## Required action
Could you write out the listing below exactly as it stands, leaving out the pictures?

## Exercise data
=== Begin Enclosure ===
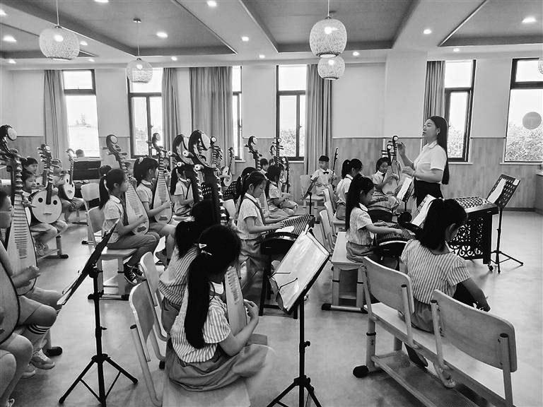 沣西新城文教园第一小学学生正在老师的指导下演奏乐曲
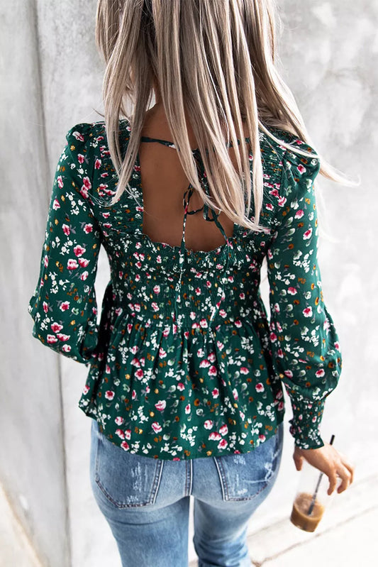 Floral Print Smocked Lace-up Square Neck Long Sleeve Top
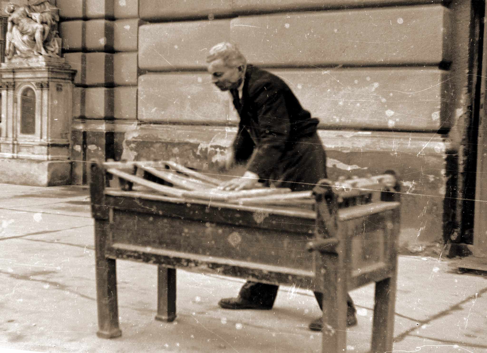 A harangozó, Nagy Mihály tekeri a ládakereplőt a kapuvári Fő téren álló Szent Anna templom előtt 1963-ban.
=== End Enclosure ===
## The completed task
 沣西新城文教园第一小学学生正在老师的指导下演奏乐曲
 Floral Print Smocked Lace-up Square Neck Long Sleeve Top
 A harangozó, Nagy Mihály tekeri a ládakereplőt a kapuvári Fő téren álló Szent Anna templom előtt 1963-ban.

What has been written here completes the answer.